We expanded it to the top 1% by downloads. The query is here: https://github.com/pypi/warehouse/blob/714babdf83fe3414974a14e1accdae1527cf7473/warehouse/packaging/tasks.py#L42-L57

dstufft commented 2 years ago

Yes, BigQuery stores the names normalized IIRC, that query is using Project.name not Project.normalized_name.

di commented 2 years ago

Yeah, we've only flipped the bit for 3381 projects, this should be >3800. Will address this.

di commented 2 years ago

@davidism https://github.com/pypi/warehouse/pull/11796 should fix this, and the bit should get flipped for these projects in ~8 hours.

tedmiston commented 2 years ago

I am a bit confused by how / what projects are getting marked as critical as well.

One of my projects (https://pypi.org/project/boa-str/) got marked as "critical" is an old, very small and simple string manipulation library last released in 2017. It was basically a small internal dependency made external for convenience. Nowhere near the level of a project like Flask or Jinja... I would be surprised if it had any external users at all, let alone met this criteria from the page linked above:

What determines if project is a critical project?

PyPI determines project eligibility based on download counts derived from PyPI's public dataset of download statistics. Any project in the top 1% of downloads over the prior 6 months is designated as critical.

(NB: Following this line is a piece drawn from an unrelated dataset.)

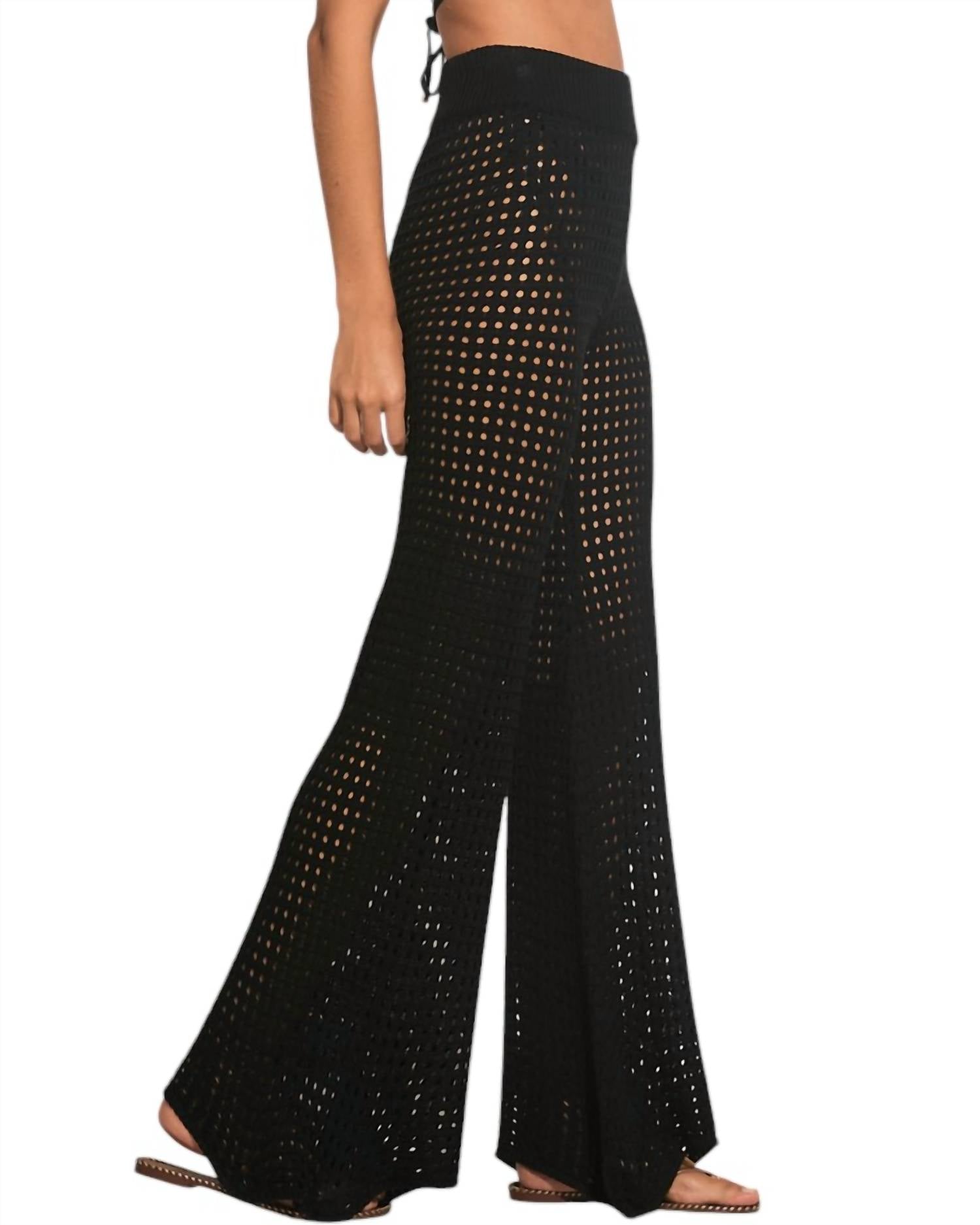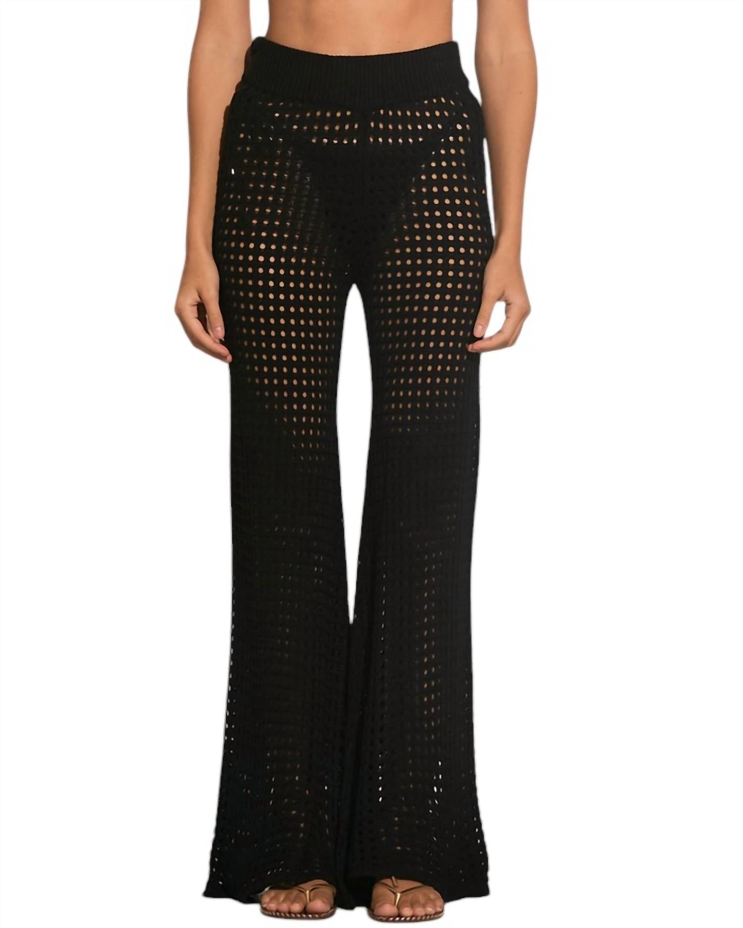 Slightly flared pants are all the rage right now and these are no exception. Pair these with your favorite tee for a more casual look, or with your favorite button-up blouse for an evening out. Introducing the All Crochet Pants by ELAN, a chic blend of style and comfort. These flared-leg pants come in a sleek black hue, making them a versatile addition to any wardrobe. Crafted from durable acrylic material, they offer a stylish patterned design. With a high-rise waist, pull-on closure, and no pockets, these pants provide a seamless and polished look for any occasion.

I tried to access the public BigQuery dataset to run a simple query (below) but got denied running the first query due to free tier quota error.

SELECT COUNT(1)
FROM `bigquery-public-data.pypi.file_downloads`
WHERE
  project = "boa-str"
  AND timestamp >= "2022-01-01"
GROUP BY `project`
LIMIT 10;

The error:

Quota exceeded: Your project exceeded quota for free query bytes scanned. For more information, see https://cloud.google.com/bigquery/docs/troubleshoot-quotas

There is a small possibility that it's still in use as a dependency and e.g., being pulled in some Docker containers running at scale given that it was written for a startup which has grown massively.

Are there other ways to access this data e.g., a JSON export of the 3800 projects to check whether this is a mistake?

alex commented 2 years ago

@tedmiston https://pepy.tech/project/boa-str or https://pypistats.org/packages/boa-str are both good ways to view this data. Looks like it gets quite a bit of downloads.

tedmiston commented 2 years ago

@alex Thank you! It turns out xkcd was right after all.

updates resume

hugovk commented 2 years ago

Are there other ways to access this data e.g., a JSON export of the 3800 projects to check whether this is a mistake?

I expect the top ~3,800 projects (over 6 months) will be somewhat similar to those on monthly list at https://hugovk.github.io/top-pypi-packages/

@davidism Jinja2 is number 36 (75 million monthly downloads) so should be included, and likewise Pillow at 60 (43m). Pillow also isn't currently marked as critical, but both have a capital initial so I expect the normalisation fix will sort that in a few hours 👍

@tedmiston boa-str is at number 1,340 with 878k downloads!

CaselIT commented 2 years ago

There still seem to be some problems with the query. for example sqlalchemy is not marked as critical even if it's both a top 1% project and it's used by warehouse

dstufft commented 2 years ago

The query hasn't re-run yet, it runs once a day.

hugovk commented 2 years ago

Pillow is now marked as critical, and there's the bump from 3.38k to 3.82k critical projects on the dashboard:

image

Thanks!

tedmiston commented 2 years ago

One note from a UX perspective — I enabled 2FA via app preemptively ahead of getting the hardware key. But as soon as one does this, the page at https://pypi.org/security-key-giveaway/, decides you're not eligible for the hardware key. It was trivial to remove it, request the hardware key, and re-enable it, but it would be nice if 3800 of us didn't have to do that 🙃.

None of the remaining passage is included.